Agriculture Nominee Vilsack Vows to End USDA Race Inequities
(Bloomberg) -- Agriculture Secretary nominee Tom Vilsack promised at his confirmation hearing Tuesday to “fully, deeply and completely” root out discrimination against black and minority farmers, addressing long-standing complaints of inequitable access to loans and other assistance provided by the cabinet department.
Republican and Democratic senators alike predicted easy confirmation for Vilsack, 70, a familiar figure to official Washington and U.S. farm organizations after serving eight years as Barack Obama’s agriculture secretary. After Vilsack finished testifying, the Senate Agriculture Committee advanced his nomination to the full Senate by a voice vote, without any of the panel’s members dissenting.
Vilsack’s pledge responded to complaints from some black farm advocates that he wasn’t aggressive enough in his prior tenure at the USDA in dealing with the department’s history of racial discrimination. The Biden administration is giving greater prominence to issues of racial inequity, along with food assistance and action to address climate change.
The Senate Agriculture Committee’s top-ranking Republican, John Boozman of Arkansas, warned Vilsack against imposing “heavy-handed, one-size-fits-all” regulations on farmers as Biden seeks to meet a goal of achieving net-zero carbon emissions from U.S. agriculture.
Vilsack, a former governor of Iowa, a farm state which leads the U.S. in corn and hog production, assured senators he favored climate-change policies based on financial incentives to farmers, a theme he often sounded during the presidential campaign when he served as a key rural surrogate for Biden.
“If it’s voluntary, if it’s market-based, if it’s incentive-based, I think you will see farmers, ranchers and producers cooperate extensively,” said Vilsack, who testified virtually from his home in Des Moines, Iowa. A climate-change initiative “has to at the end of the day benefit farmers,” he said.

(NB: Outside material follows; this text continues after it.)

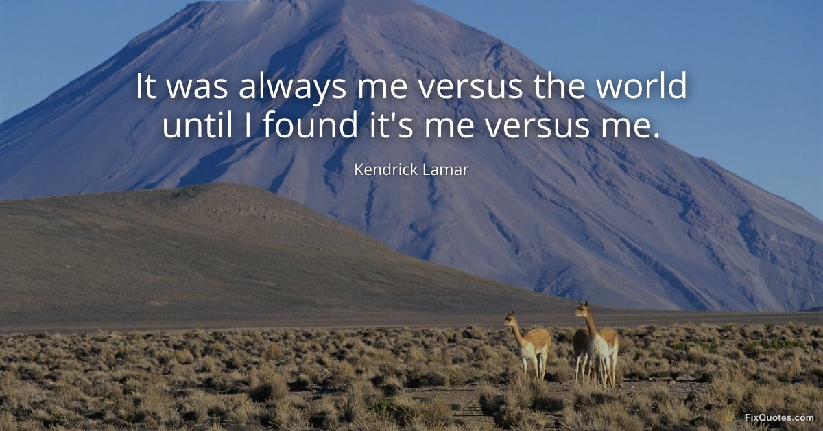 Lamar, Kendrick. (2026, February 1). It was always me versus the world until I found it's me versus me. FixQuotes. https://fixquotes.com/quotes/it-was-always-me-versus-the-world-until-i-found-184858/

Vilsack signaled his support for biofuel production, suggesting the government should be more restrained in granting oil refineries waivers from the federal renewable fuel standard that requires gasoline contain minimum levels of ethanol, which is usually derived from corn. Biden during his campaign joined farm groups in criticizing the number of waivers granted by the Trump administration.
The waiver program “was designed for small-scale refineries that are having trouble” and should be “very, very infrequently” given, Vilsack said.
A long record of discrimination in access to USDA loans and other assistance contributed to a dramatic exodus of Blacks from farming, advocates say. African-Americans account for only 1.3% of U.S. farmers, according to the most recent agricultural census, down from 14% a century ago.
Civil-rights advocates criticized Vilsack for his role in the 2010 ouster of Shirley Sherrod, then the USDA’s Georgia state director of rural development, in response to an edited video published by conservative blogger Andrew Breitbart.
The clip showed Sherrod, who is Black, telling a local NAACP group she was initially reluctant to help a White farmer save his land more than two decades ago, before she worked at the USDA. The clip left out of the speech, intended as a message of racial healing, that Sherrod went on to help the man save his farm.
Internal emails released later showed Sherrod directly pleading with Vilsack to hear out her side of the story, rather than rush to judgment. Obama later apologized for her ouster and Vilsack asked her to return. She declined the offer.